یکی بود یکی نبود. روزی روزگاری در دوردست ها کشوری بود. زمستان بود و همه جا پر از برف بود. ملکه پشت یکی از پنجره های قصرش همزمان مشغول گلدوزی بود و خیال پردازی میکرد که ناگهان سوزنی به انگشتش فرو رفت و سه قطره خون روی قابش چکه کرد. ملکه در خیال وقتی به قطرات خون نگاه می کرد، با خود گفت: “اگر فرزند من دختر شد، پوستش مثل برف سفید، گونه هایش مانند سیب قرمز و موهایش به سیاهی زغال سنگ شود!” مدت کوتاهی پس از این اتفاق، او یک دختر به دنیا آورد. دخترش هم همانگونه که فکر می کرد بود. او پوستی به سفیدی برف، گونههایی به قرمزی سیب و موهایی به سیاهی زغال داشت. اسمش را سفید برفی گذاشتند.
Na yazık ki kraliçe doğumdan bir kaç saat sonra ölmüş. Kral günün birinde yeniden evlenmiş. Yeni kraliçe çok güzel bir kadınmış. Güzelliğine güzelmiş ama bir o kadar da kibirliymiş. Kendisinden daha güzel birinin olabileceği düşüncesine bile tahammül edemezmiş. Odasında sihirli bir aynası varmış. Her gün o aynanın karşısına geçer saatlerce kendisini seyreder ve sonunda, ‘’Ayna ayna söyle bana, en güzel kim bu dünyada!’’ diye sorarmış. Ayna da hemen ‘’Sizsiniz kraliçem!’’ dermiş. Fakat Pamuk Prenses 14 yaşına geldiğinde bir gün ayna şöyle demiş: Güzelsiniz kraliçem güzel olmasına ama Pamuk Prenses sizden daha güzel.
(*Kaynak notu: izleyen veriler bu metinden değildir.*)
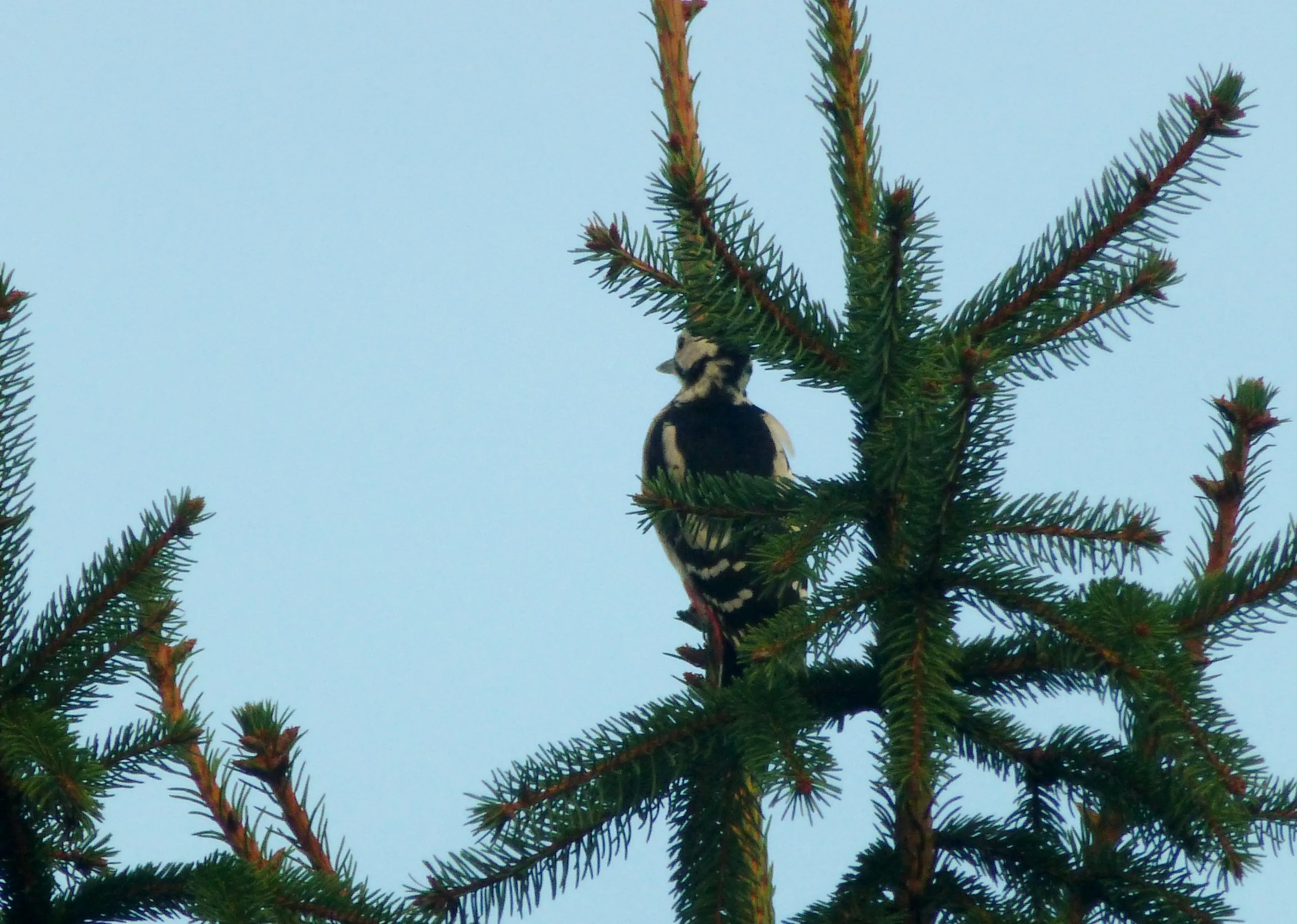 Wer hat mich entdeckt - ich bin der Buntspecht.Mein Artgenosse,der Grünspecht macht mit seinen Lachen ein Radau und er hoppelt unten rum,das weis ich genau,da er gern Ameisen verspeist.Deswegen habe ich ihn mit meiner Digi nicht erreicht. LG Monika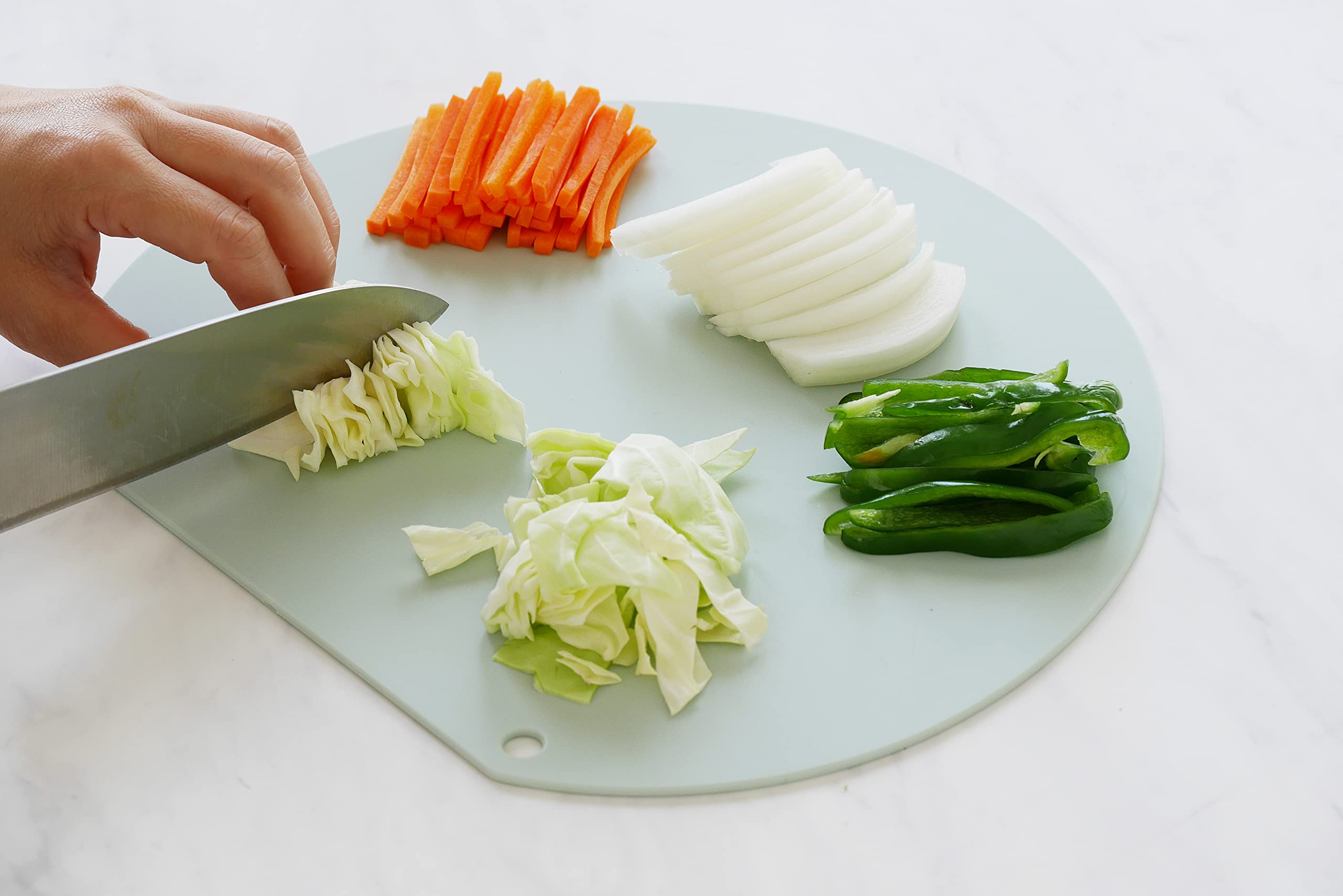 伊原企販 刃当たりなめらか抗菌まな板 スモーキーグリーン ワイド NC-SGL 抗菌(Ag+抗菌剤を練り込み)/ ワイド 切り分け上手で使いやすさを追求しました。 手前で切ったものを奥に並べていけるD型タイプのまな板です。 抜群になめらかな切り心地です。また、抗菌剤は直接樹脂に練り込んでいるためキズがついても抗菌効果は落ちません。

متأسفانه ملکه چند ساعت پس از زایمان فوت کرد. پادشاه یک روز دوباره ازدواج کرد. ملکه جدید زن بسیار زیبایی بود. او واقعا زیبا بود، اما به همان اندازه هم بسیار مغرور بود. او حتی نمی توانست این فکر را تحمل کند که ممکن است کسی زیباتر از او وجود داشته باشد. او یک آینه جادویی در اتاقش داشت. هر روز جلوی آینه می رفت و ساعت ها خودش را تماشا می کرد و در آخر می پرسید آینه آینه بگو به من زیباترین دنیا کیست؟ آینه بلافاصله می گفت: شما هستید، ملکه من! اما وقتی سفید برفی 14 ساله شد، یک روز آینه اینگونه گفت: “شما زیبا هستید ملکه من، اما سفید برفی از شما زیباتر است.”
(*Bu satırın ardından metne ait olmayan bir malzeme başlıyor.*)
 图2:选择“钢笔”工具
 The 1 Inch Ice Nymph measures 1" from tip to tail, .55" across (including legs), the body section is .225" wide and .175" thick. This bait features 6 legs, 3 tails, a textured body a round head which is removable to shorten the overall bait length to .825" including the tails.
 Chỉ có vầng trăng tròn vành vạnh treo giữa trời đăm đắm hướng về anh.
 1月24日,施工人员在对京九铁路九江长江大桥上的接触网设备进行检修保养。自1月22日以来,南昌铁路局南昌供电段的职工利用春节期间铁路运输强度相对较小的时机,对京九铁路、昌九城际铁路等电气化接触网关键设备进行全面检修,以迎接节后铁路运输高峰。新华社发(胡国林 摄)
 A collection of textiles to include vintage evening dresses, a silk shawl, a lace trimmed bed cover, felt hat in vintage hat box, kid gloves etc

Kraliçe bunu duyunca çok kızmış. Öfkesinden ne uyku girmiş gözüne ne de bir lokma yemek yiyebilmiş. Hemen sarayın avcasını çağırmış yanına. ‘’Pamuk Prenses’i ormana götür, orada öldür. Öldürdüğüne kanıt olarak da kalbi ile ciğerini sök bana getir.’’ demiş. Avcı ne diyeceğini bilememiş. Pamuk Prensesi öldürmek ona pek akıllıca gelmemiş. ‘’Böyle bir şeyi nasıl yapabilirim ki!’’ diye düşünmüş durmuş. Ama kıraliçenin emrini de yerine getirmek zorundaymış. Pamuk Prensesi ormana götürmüş, bıçağını çekmiş, fakat Pamuk Prensesin ağladığını görünce onu öldürmeye kıyamamış. Pamuk Prenses ağaçların arasına dalıp gözden kaybolurken, avcı bir hayvan avlamış. Kalbi ile ciğerini söküp kraliçeye götürmüş. Böylece yalanı ortaya çıkmayacakmış.
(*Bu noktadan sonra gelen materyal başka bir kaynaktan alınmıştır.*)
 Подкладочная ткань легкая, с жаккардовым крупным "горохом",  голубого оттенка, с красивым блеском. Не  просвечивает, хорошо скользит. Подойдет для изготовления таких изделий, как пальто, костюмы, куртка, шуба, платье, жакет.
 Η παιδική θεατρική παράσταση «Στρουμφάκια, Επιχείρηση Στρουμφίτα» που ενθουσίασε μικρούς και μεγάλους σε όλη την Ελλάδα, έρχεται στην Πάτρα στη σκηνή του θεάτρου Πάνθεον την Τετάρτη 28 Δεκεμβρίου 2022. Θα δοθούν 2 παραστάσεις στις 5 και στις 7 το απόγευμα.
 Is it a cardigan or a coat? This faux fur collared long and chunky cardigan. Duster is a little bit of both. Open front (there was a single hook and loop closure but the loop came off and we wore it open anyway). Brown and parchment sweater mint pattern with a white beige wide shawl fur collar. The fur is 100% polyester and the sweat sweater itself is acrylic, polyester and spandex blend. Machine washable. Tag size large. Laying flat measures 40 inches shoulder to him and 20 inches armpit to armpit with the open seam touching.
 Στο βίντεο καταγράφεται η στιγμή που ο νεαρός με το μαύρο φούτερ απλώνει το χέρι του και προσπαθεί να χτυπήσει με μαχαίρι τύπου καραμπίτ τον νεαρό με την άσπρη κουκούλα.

وقتی ملکه این را شنید، بسیار عصبانی شد. از عصبانیت نه می توانست بخوابد و نه لقمه ای بخورد. بلافاصله شکارچی قصر را نزد خود فرا خواند. “سفید برفی را به جنگل ببر، او را در آنجا بکش. به عنوان دلیلی که او را کشته ای، قلب و جگرش را دربیار و نزد من بیاور». شکارچی نمی دانست چه بگوید. کشتن سفید برفی برای او چندان عاقلانه به نظر نمی رسید. او با خود فکر کرد: “چگونه می توانم چنین کاری انجام دهم!” اما او نیز مجبور بود دستور ملکه را اجرا کند. او سفید برفی را به جنگل برد، چاقوی خود را کشید، اما وقتی سفید برفی را در حال گریه دید، از دلش نیامد او را بکشد. در حالی که سفید برفی در لابلای درختان ناپدید می شد، شکارچی حیوانی را شکار کرد. قلب و جگرش را درآورد و نزد ملکه برد. بدین شکل دروغش برملا نمی شد.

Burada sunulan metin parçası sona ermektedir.